What you have to do:
Lines holding the word "roof" in the material below: count them and write the number alone.

─── Available data

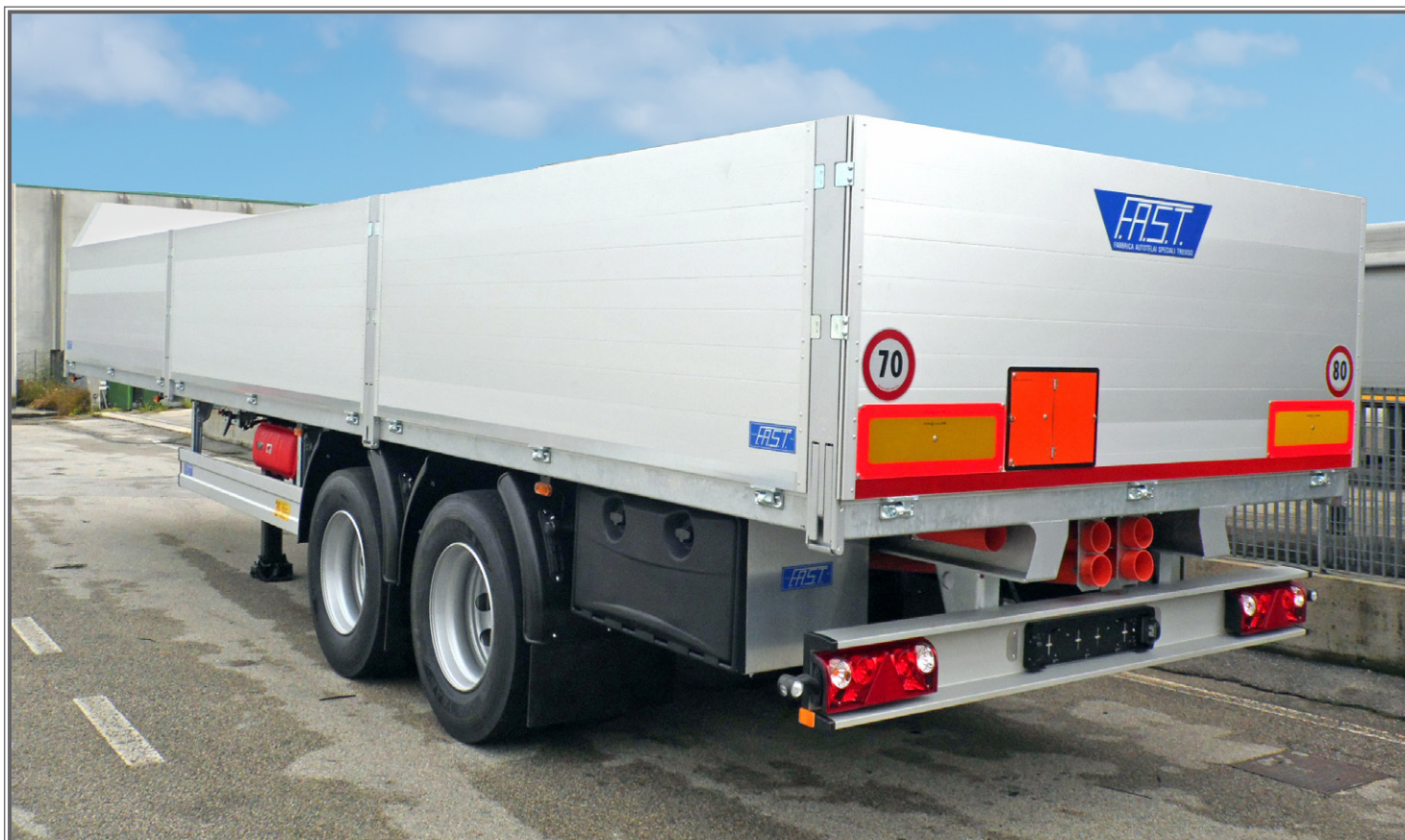
FOTO 05 - Biga a pianale con tetto idraulico sollevabile Flatbed central-axle truck trailer with hydraulic lift-up roof Plattform-Zentralachsanhänger mit hydraulisch anhebbaarem Dach

Tetto idraulico sollevabile Hydraulic lift-up roof hydraulisch anhebbares Dach
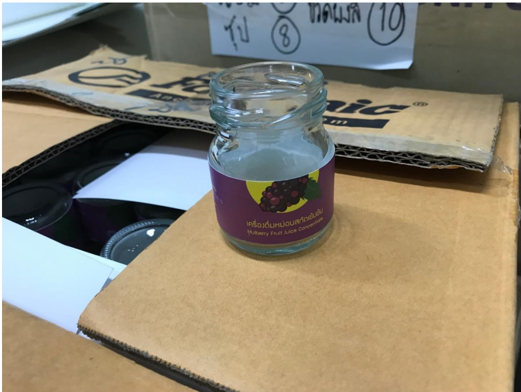
ภาพที่ 11 บรรจุภัณฑ์ขวดซุพหม่อน
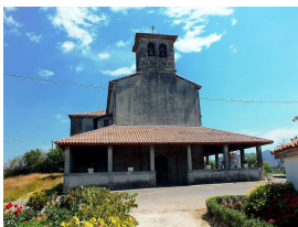
de Nuestra Señora de El Remedio
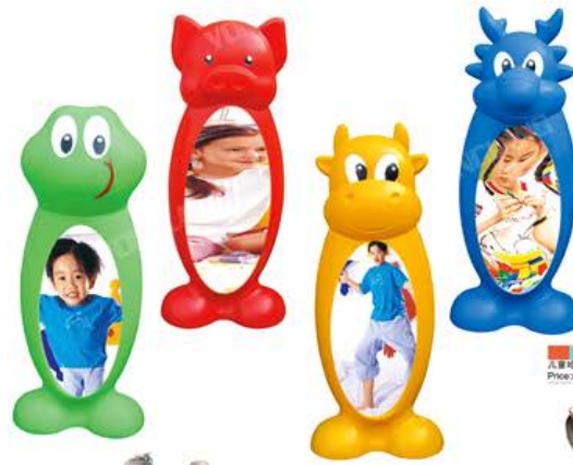
YL-KZ006 儿童哈哈镜 Price:xx(RMB)
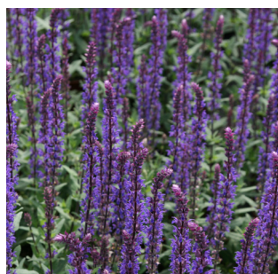
Salvia nemorosa 'Caradonna'
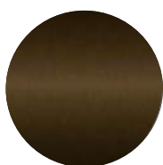
Bronze noir Black bronze
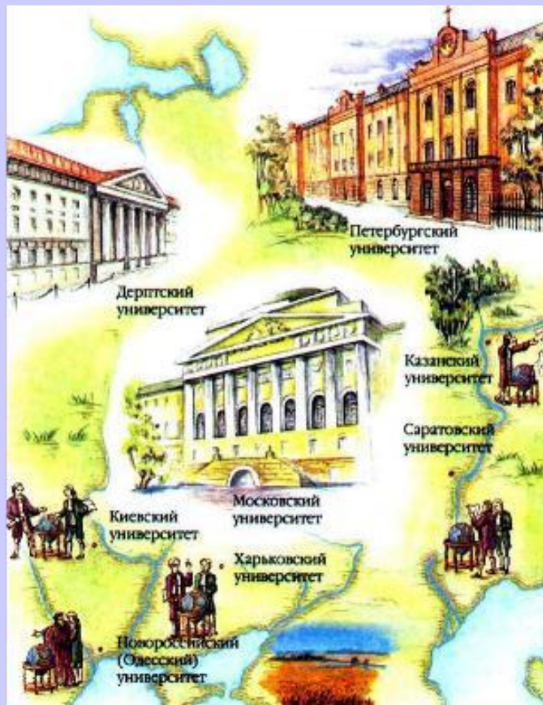
Университеты России в 19 веке.

После реформы 1803г. система образования состояла из 4-х ступеней:

──────

Answer to this problem:
2